→ WORKING DATA
◆ ◆ ◆ ◆ ◆ ◆ ◆

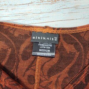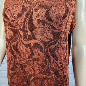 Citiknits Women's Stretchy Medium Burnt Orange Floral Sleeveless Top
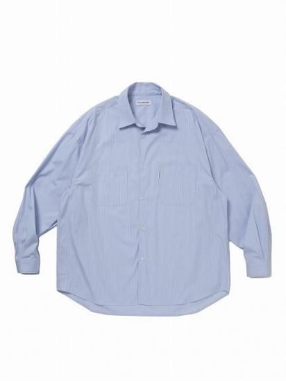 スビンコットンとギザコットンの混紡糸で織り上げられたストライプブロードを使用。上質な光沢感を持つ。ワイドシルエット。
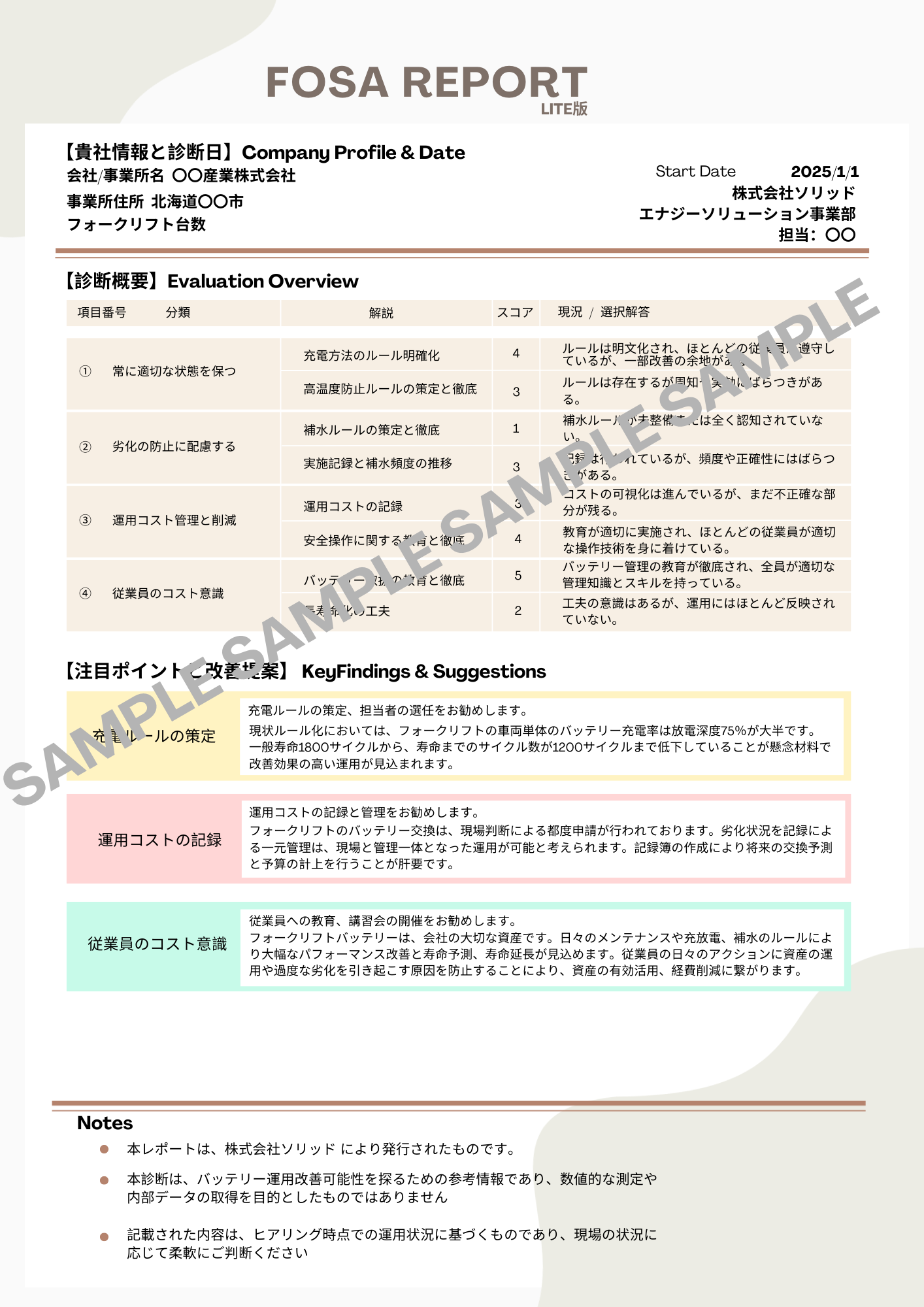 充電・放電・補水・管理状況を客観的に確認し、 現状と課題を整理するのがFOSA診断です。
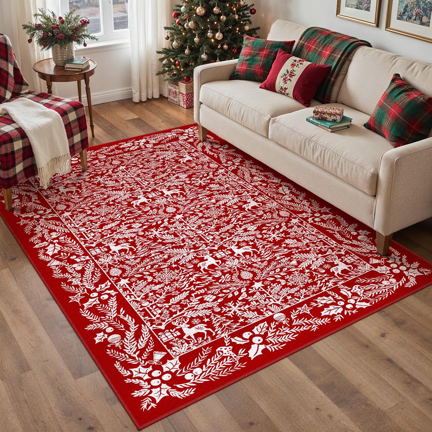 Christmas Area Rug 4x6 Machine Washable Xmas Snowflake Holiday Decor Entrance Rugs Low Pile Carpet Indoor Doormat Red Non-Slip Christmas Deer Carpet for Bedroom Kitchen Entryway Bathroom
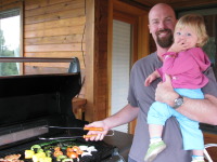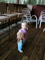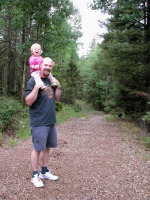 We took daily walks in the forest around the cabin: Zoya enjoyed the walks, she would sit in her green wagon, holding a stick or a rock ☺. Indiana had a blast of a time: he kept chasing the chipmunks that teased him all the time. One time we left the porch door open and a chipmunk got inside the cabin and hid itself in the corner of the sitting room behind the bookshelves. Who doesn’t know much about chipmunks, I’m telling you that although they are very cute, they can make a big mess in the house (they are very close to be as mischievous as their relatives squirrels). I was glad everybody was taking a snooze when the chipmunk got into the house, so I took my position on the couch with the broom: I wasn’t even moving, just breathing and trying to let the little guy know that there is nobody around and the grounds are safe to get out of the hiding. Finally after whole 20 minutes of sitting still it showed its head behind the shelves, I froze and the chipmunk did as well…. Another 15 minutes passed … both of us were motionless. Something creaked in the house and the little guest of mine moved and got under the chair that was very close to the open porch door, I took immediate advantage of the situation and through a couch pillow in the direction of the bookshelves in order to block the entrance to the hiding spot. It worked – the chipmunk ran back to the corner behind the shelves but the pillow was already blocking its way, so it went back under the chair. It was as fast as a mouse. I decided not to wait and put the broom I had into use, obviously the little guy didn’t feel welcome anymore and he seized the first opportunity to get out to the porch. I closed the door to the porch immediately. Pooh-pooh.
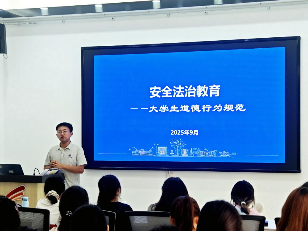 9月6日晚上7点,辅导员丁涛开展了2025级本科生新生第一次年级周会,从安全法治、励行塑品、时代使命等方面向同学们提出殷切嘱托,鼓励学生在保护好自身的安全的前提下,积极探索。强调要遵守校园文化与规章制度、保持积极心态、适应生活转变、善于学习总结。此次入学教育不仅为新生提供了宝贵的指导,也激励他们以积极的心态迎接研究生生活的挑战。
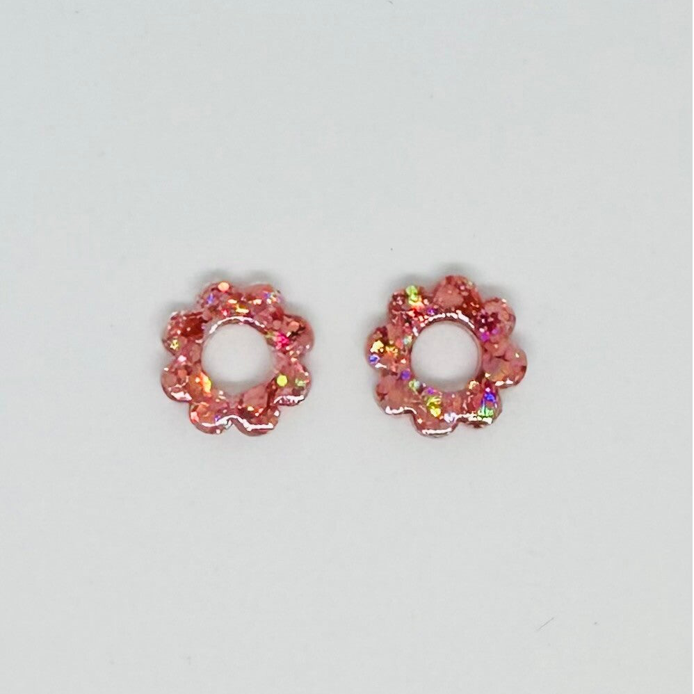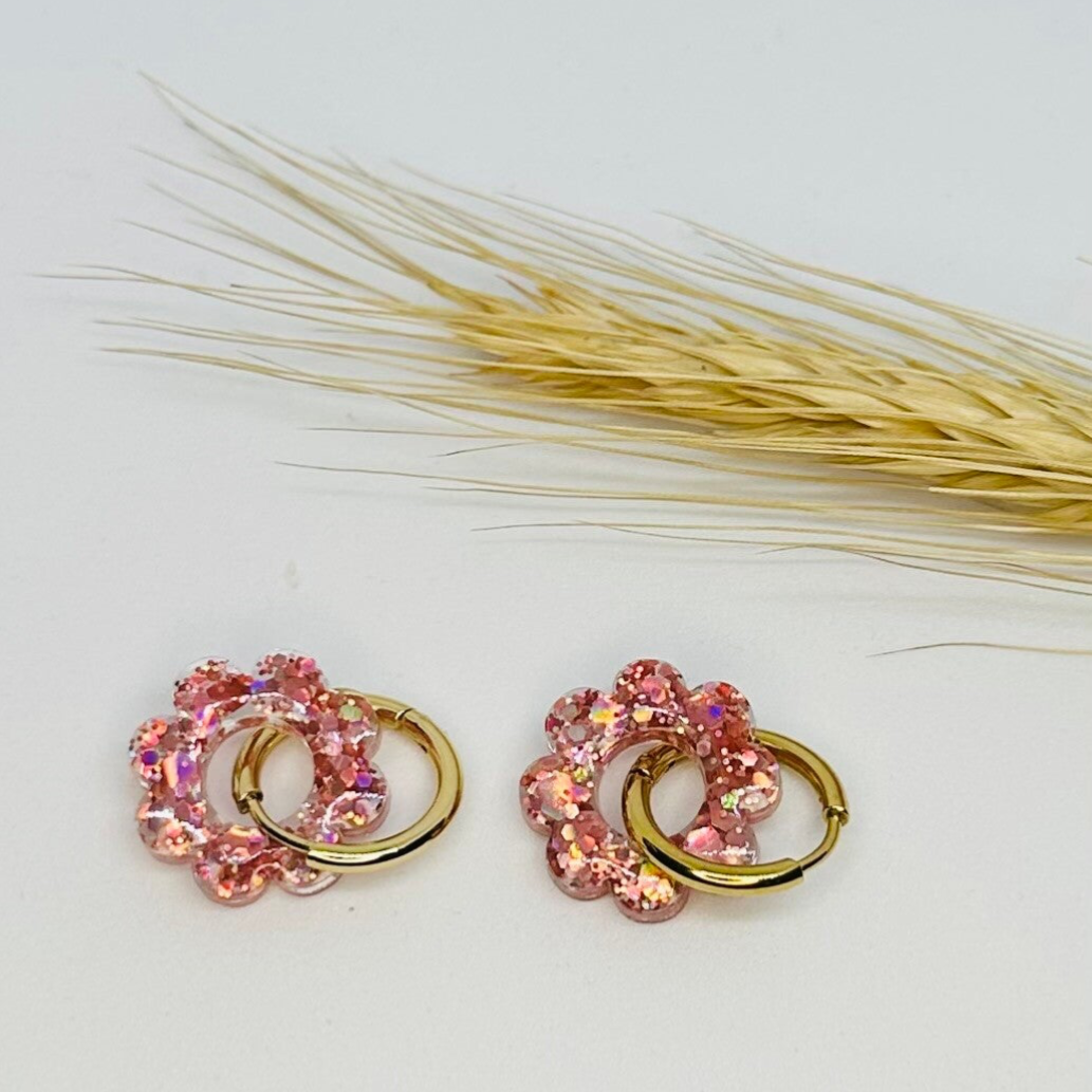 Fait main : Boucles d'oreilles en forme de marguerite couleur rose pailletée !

◆ ◆ ◆ ◆ ◆ ◆ ◆

→ TASK ITEM
Set down, exactly as written above, each line from the one with "スビンコットンとギザコットン" through the one with "Christmas Area Rug", and skip the pictures.

→ WRITTEN RESPONSE
 スビンコットンとギザコットンの混紡糸で織り上げられたストライプブロードを使用。上質な光沢感を持つ。ワイドシルエット。
 充電・放電・補水・管理状況を客観的に確認し、 現状と課題を整理するのがFOSA診断です。
 Christmas Area Rug 4x6 Machine Washable Xmas Snowflake Holiday Decor Entrance Rugs Low Pile Carpet Indoor Doormat Red Non-Slip Christmas Deer Carpet for Bedroom Kitchen Entryway Bathroom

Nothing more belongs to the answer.